From a distance the idea that a computer can interpret, categorize and describe a written document really does seem fantastical. It is difficult to reconcile the fantasy of a thinking machine with the realism of a world that can’t even build a jet pack.
In reality, autoclassification technologies perform admirably well when applied in the correct environments. There are circumstances where autoclassifiers do truly wondrous things, like discovering trends, interpreting sentiment, and (most important) reducing workload by 90% or more. But there are also circumstances where the tools will fail spectacularly. Thankfully, success is predictable and, even better, likely more often than not.

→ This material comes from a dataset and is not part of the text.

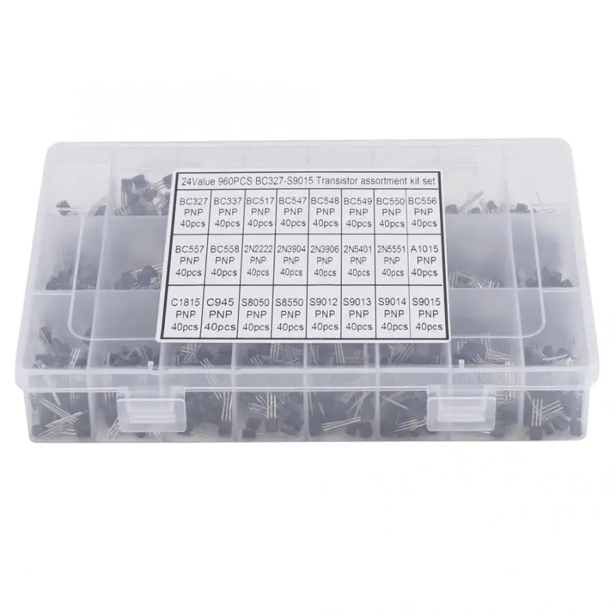 Транзисторы являются базовым полупроводниковым устройством, которое контролирует ток, который также может использоваться Как Бесконтактный переключатель. В этом наборе всего 960 штук транзисторов в 24 значениях, которые удовлетворят ваши основные потребности. Все транзисторы хорошо упакованы и ассорти в прозрачную коробку для удобного хранения. Каждый транзистор четко обозначен, так что вы можете легко определить, какой тип транзистора вам нужен. Это большой ассортимент транзисторов для электронных профессионалов или энтузиастов.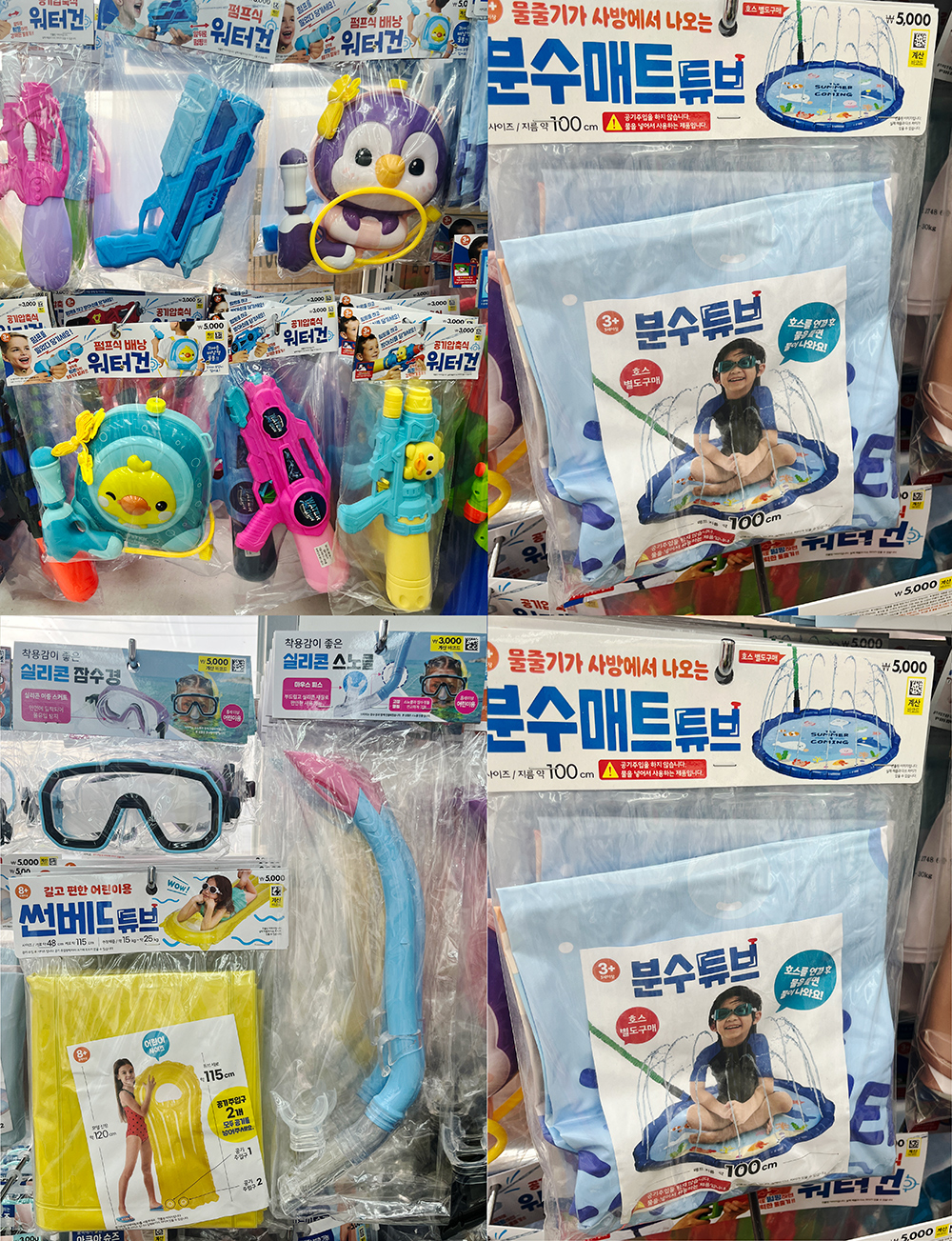 튜브도 있으니 꼭 챙겨주세요. 튜브도 기본형과 원형 공 모양이 있고, 분수 매트 튜브까지 다양한 디자인이 있습니다. 해수욕장에서는 한번 사용할 때 대여료를 하거나 구매를 해야 합니다. 구매 가격이 만만치 않고, 대여도 남이 사용하던 것들을 사용해야 하기 때문에 찝찝하죠. 그 모든 고민을 저렴한 가격으로 해결할 수 있습니다. 정말 다이소는 꿀템이 한가득 있습니다.

I’ll give you an analogy. I’m certain by now that you’ve heard about Google’s self-driving car. This is not the first autonomous car ever constructed or tested, but it’s the most successful by far. This isn’t because of the car or the computer, however; it’s because of the data. When Google began their experiments, they had access to highly accurate GPS and satellite data. The imaging algorithm didn’t have to waste its time looking for stoplights and crosswalks, because the system already knew where they were. Google knew in advance where cars were likely parked, and what was likely beyond the next hill or around the next bend. In essence the car has access to critical, timely knowledge.
Autoclassification works beautifully when you can give it enough context, in advance. Taxonomy, content modeling, and smart workflow can transform your raw content into immediately actionable data, and bring much-needed speed and accuracy to your operations.